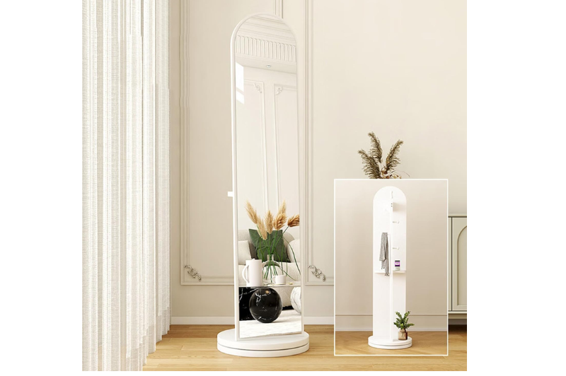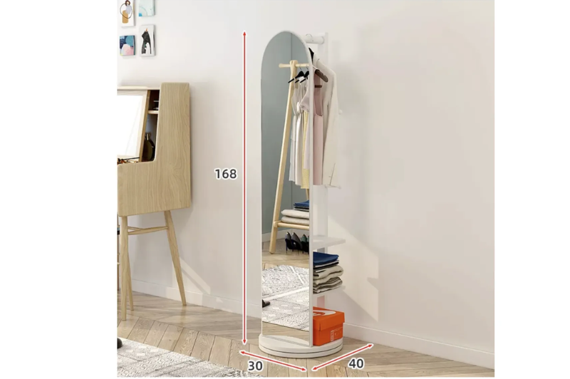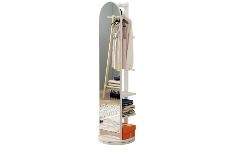 Este espejo giratorio con percha es una solución elegante y funcional para quienes buscan maximizar su espacio sin sacrificar el estilo.
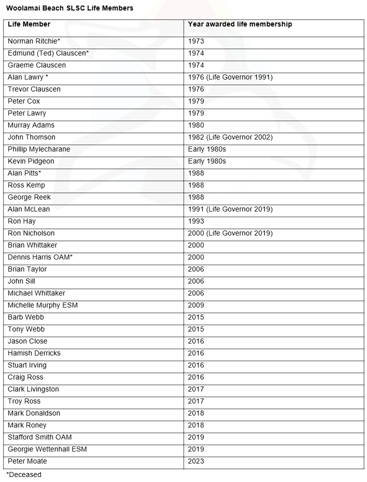 Life Members Woolamai Beach SLSC Life Members Woolamai Beach SLSC20 July 2025 Facebook0 Twitter LinkedIn0 0 Likes
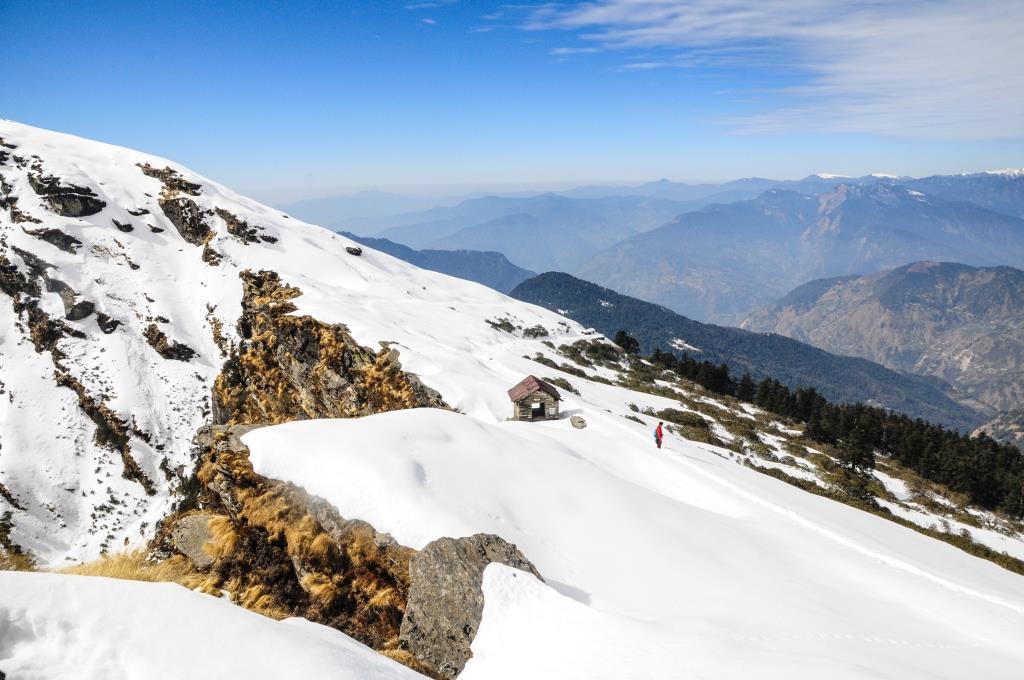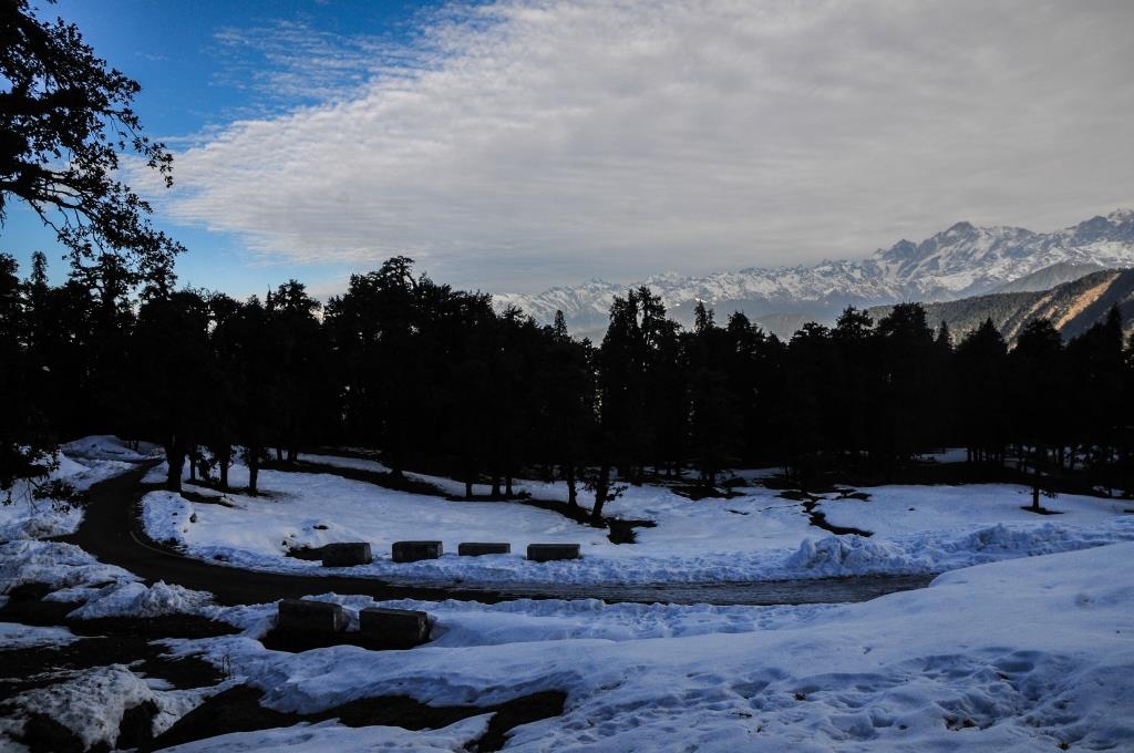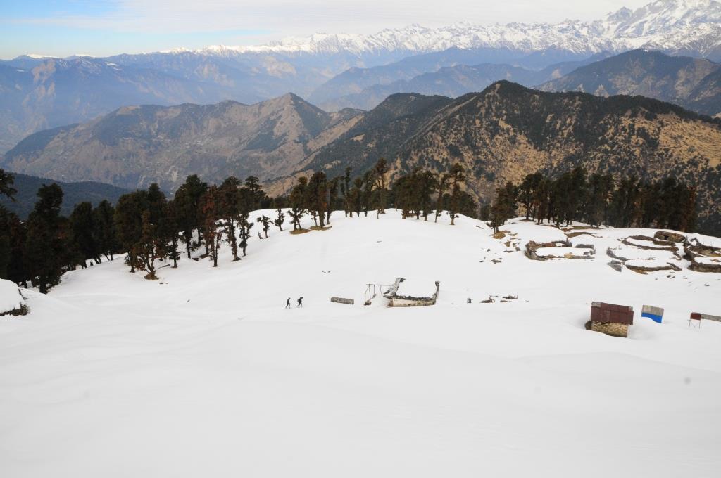 I was very glad to be there, to be plodding in the knee-deep snow, making steps with the snow boots and a rented walking stick, looking at the exquisite panorama on my left side on the horizon and vainly trying to chart a possible path to the peak that lay vertically above my nose. Although we were taking turns in opening the route in the snow, the progress was very slow and it was becoming apparent that the peak lay out of reach if we were to go back to the base in safe time. We had started walking roughly around 9 a.m. that day from a place called Baniya Kund. Having covered about 6.5 km from there to Tungnath temple(12,000 ft), we had decided to attempt climbing Chandrashila peak which stands roughly a kilometer high behind Tungnath, as if guarding the highest Shiva shrine. We had passed Chopta about 3 km after leaving our car behind at Baniya Kund and renting the snow shoes and walking sticks at a shop there. From Chopta onwards, the trail had been covered under snow, although it was not knee-deep till we reached Tungnath. Still, walking on snow was a much larger effort compared to walking up a trail in the summer, with everything around you reflecting a bright while instead of a refreshing green!
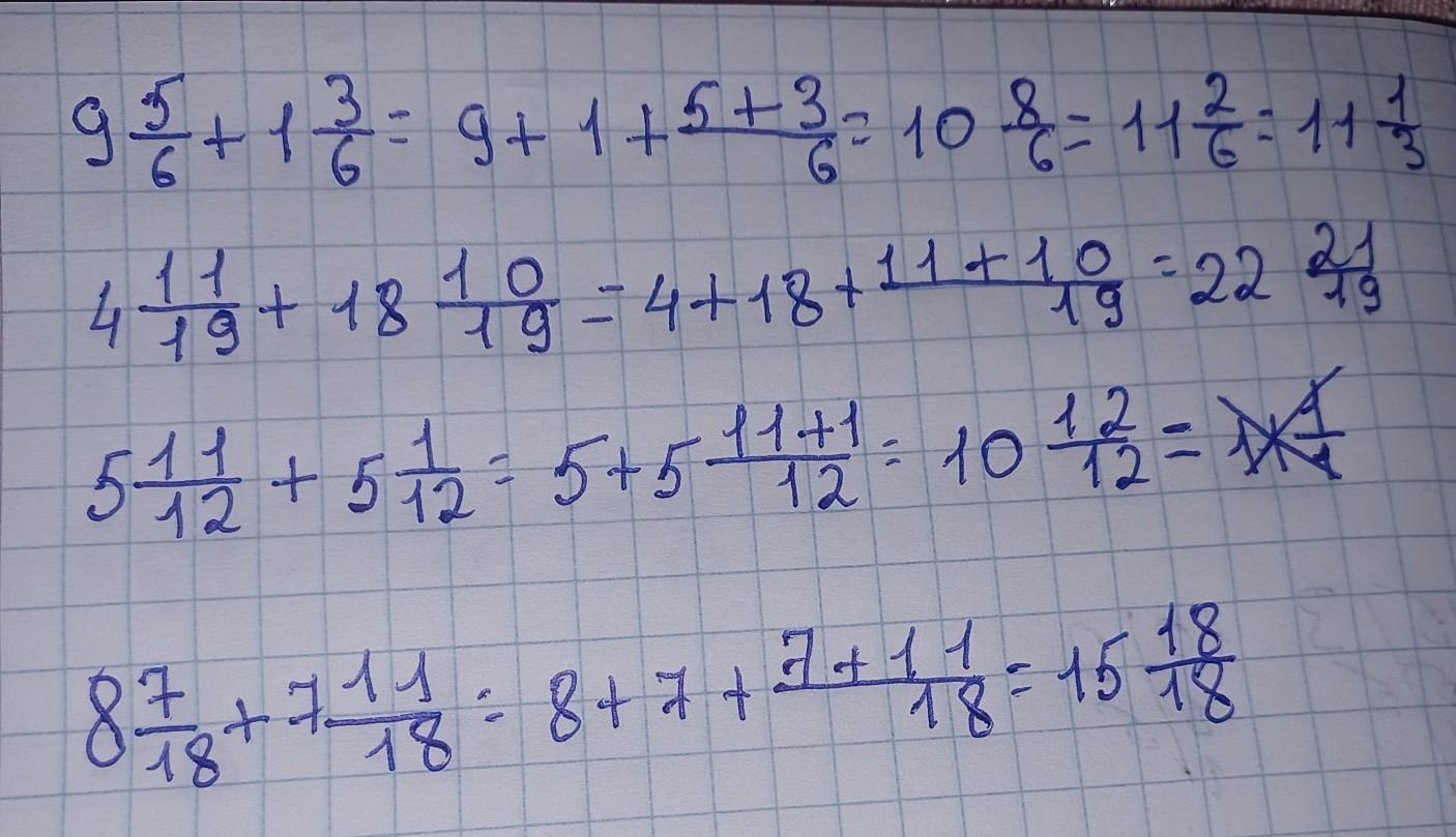 Подробное решение смешанных чисел, с общими знаменателями

WORK ITEM:
Restate word for word the lines starting at the one that contains "I was very glad" and ending at the last line of the data. Skip every picture.

SOLUTION TO THIS EXERCISE:
 I was very glad to be there, to be plodding in the knee-deep snow, making steps with the snow boots and a rented walking stick, looking at the exquisite panorama on my left side on the horizon and vainly trying to chart a possible path to the peak that lay vertically above my nose. Although we were taking turns in opening the route in the snow, the progress was very slow and it was becoming apparent that the peak lay out of reach if we were to go back to the base in safe time. We had started walking roughly around 9 a.m. that day from a place called Baniya Kund. Having covered about 6.5 km from there to Tungnath temple(12,000 ft), we had decided to attempt climbing Chandrashila peak which stands roughly a kilometer high behind Tungnath, as if guarding the highest Shiva shrine. We had passed Chopta about 3 km after leaving our car behind at Baniya Kund and renting the snow shoes and walking sticks at a shop there. From Chopta onwards, the trail had been covered under snow, although it was not knee-deep till we reached Tungnath. Still, walking on snow was a much larger effort compared to walking up a trail in the summer, with everything around you reflecting a bright while instead of a refreshing green!
 Подробное решение смешанных чисел, с общими знаменателями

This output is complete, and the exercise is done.